Also, according to another preferred embodiment, generating a screen which allows a user to select a playback position by using the tag information, and displays the detected position as a candidate for the playback position is further included.
Also, according to another preferred embodiment, obtaining character data added to the video/audio data; and generating keyword search information by using the obtained character data are further included.
Note that the character data may be obtained by extracting video data in a specific region of the video/audio data where subtitles are contained, and converting into character data subtitles contained in the extracted video data.
Also, the character data may be obtained by extracting audio data from the video/audio data, and converting the extracted audio data into character data.
Also, according to another preferred embodiment, generating the keyword search information for each section defined by the detected position; searching the keyword search information for characters inputted by a user; and generating a screen for displaying a search result for each section are further included.
EFFECT OF THE INVENTIONAn AV stream processing device according to the present invention detects a characteristic portion designated by the user from video/audio data that is to be recorded, and individually generates search information based on the search result. Thus, the user is able to readily find a desired position from the video/audio data by using the generated search information.
Also, an AV stream processing device according to the present invention is capable of generating keyword search information based on character data obtained from an AV stream that is to be stored. Thus, the user is able to readily find a position in the AV stream that is suitable for viewing by searching the keyword search information for a keyword representing a portion that is desired to be viewed by characters.

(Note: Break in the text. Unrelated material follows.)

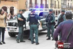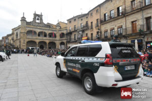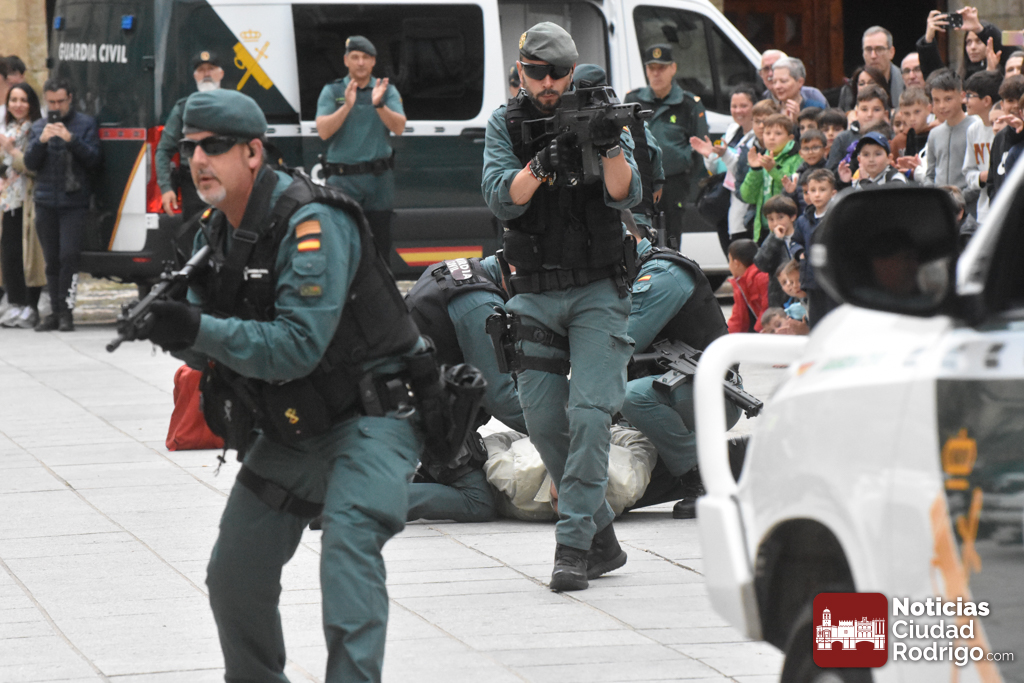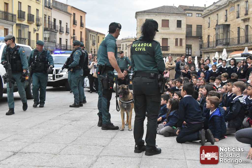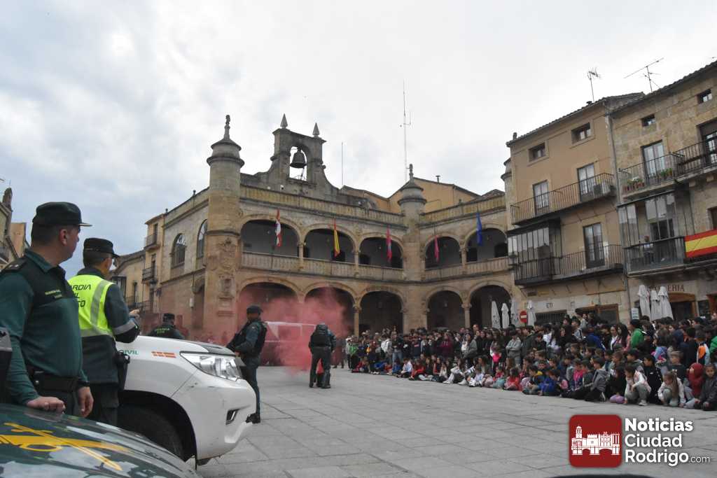 La Plaza Mayor de Ciudad Rodrigo se vio «sorprendida» durante esta mañana por la ocupación de la misma por varios vehículos de la Guardia Civil, no es que sucediera algo, si no que se estaba preparando la realización de una exhibición a cargo de este cuerpo benemérito para escolares de todos los centros educativos de Ciudad Rodrigo.

BRIEF DESCRIPTION OF THE DRAWINGS
-
- 100 AV stream processing device
- 101 digital tuner
- 102 analog tuner
- 103 switching unit
- 104 format conversion unit
- 105 decode processing unit
- 106 A/D conversion unit
- 107 splitter unit
- 108 MPEG encoder
- 110 AV feature value holding unit
- 111 selector unit
- 112 comparison unit
- 113 tag information generation unit
- 114 host CPU
- 115 HDD
- 116 memory
- 117 MPEG decoder
- 118 graphic generation unit
- 119 synthesizer
- 120 user panel
- 200 AV stream processing device
- 201 character data accumulation unit
- 202 character string search unit
- 251 search keyword holding unit
- 252 search comparator
- 253 search match number counter
- 300 AV stream processing device
- 301 speech recognition unit
- 400 AV stream processing device
- 401 subtitles recognition unit
The user panel 120 is a panel includes buttons, a remote controller, a keyboard or the like provided on the body of the AV stream processing device 100, which allows the user to operate the AV stream processing device 100. The host CPU 114 is an arithmetic processing unit for generally controlling each unit included in the AV stream processing device 100.

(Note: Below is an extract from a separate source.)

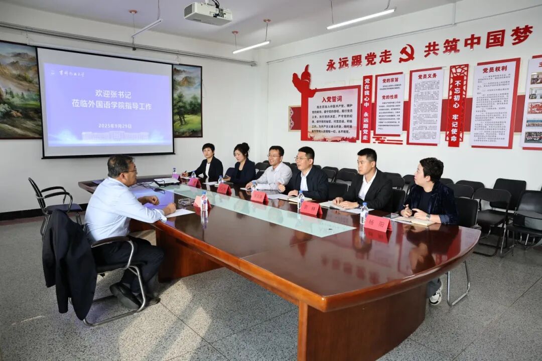 听取汇报后,张明耀书记对外国语学院近年来取得的成绩予以高度评价。他强调,学院要始终围绕“立德树人”根本任务,持续深化教育教学改革,不断加强专业与课程建设,切实提升人才培养质量。要注重强化学生的语言实践能力、跨文化沟通能力及创新能力的培养,突出实践导向。围绕翻译硕士专业学位授权点建设,应进一步整合团队力量,凝练形成以工程翻译与商务翻译为主的两个特色研究方向。要充分发挥外语学科优势,主动对接地方发展需求,积极服务区域经济社会建设。同时,必须扎实做好学生工作,强化学风建设,牢牢守住校园安全底线,经常深入学生群体,及时掌握学生思想动态与实际需求。此外,学院还应重视辅导员队伍素质能力的持续提升,为育人工作提供坚实保障。

The digital tuner 101 processes, for example, a video/audio signal of a digital broadcast program received by an unillustrated antenna, and outputs an MPEG2 transport stream (MPEG2TS) of the program. In addition, the analog tuner 102 processes a video/audio signal of an analog broadcast program received at an antenna, and outputs an analog video/audio signal of the program.
The switching unit 103 receives video/audio data of a program that is to be stored to the HDD 115 via the digital tuner 101, the analog tuner 102 or the Internet. In addition, the switching unit 103 utilizes the USB or IEEE1394 standards to receive video/audio data accumulated in externally connected devices such as a DVD device, an LD device, an external HDD and a VHS video device. Accordingly, the switching unit 103 receives analog video/audio data, uncompressed digital video/audio data and compressed digital video/audio data. Thus, the AV stream processing device 100 is capable of handling video/audio data of any type or format. In the present descriptions, the analog video/audio data, the uncompressed digital video/audio data and the compressed digital video/audio data are collectively referred to herein as video/audio data (hereinafter “AV data”).
The switching unit 103 has a role of distributing inputted AV data to a suitable destination depending on its type. To describe it more concretely, analog AV data inputted to the switching unit 103 is inputted to the A/D conversion unit 106 in the format conversion unit 104. The A/D conversion unit 106 converts the analog AV data to uncompressed digital AV data in a given format. Also, digital AV data inputted to the switching unit 103 is inputted to the decode processing unit 105 in the format conversion unit 104. The decode processing unit 105 determines the format of the inputted data and, if necessary, performs a process of decoding to a given format.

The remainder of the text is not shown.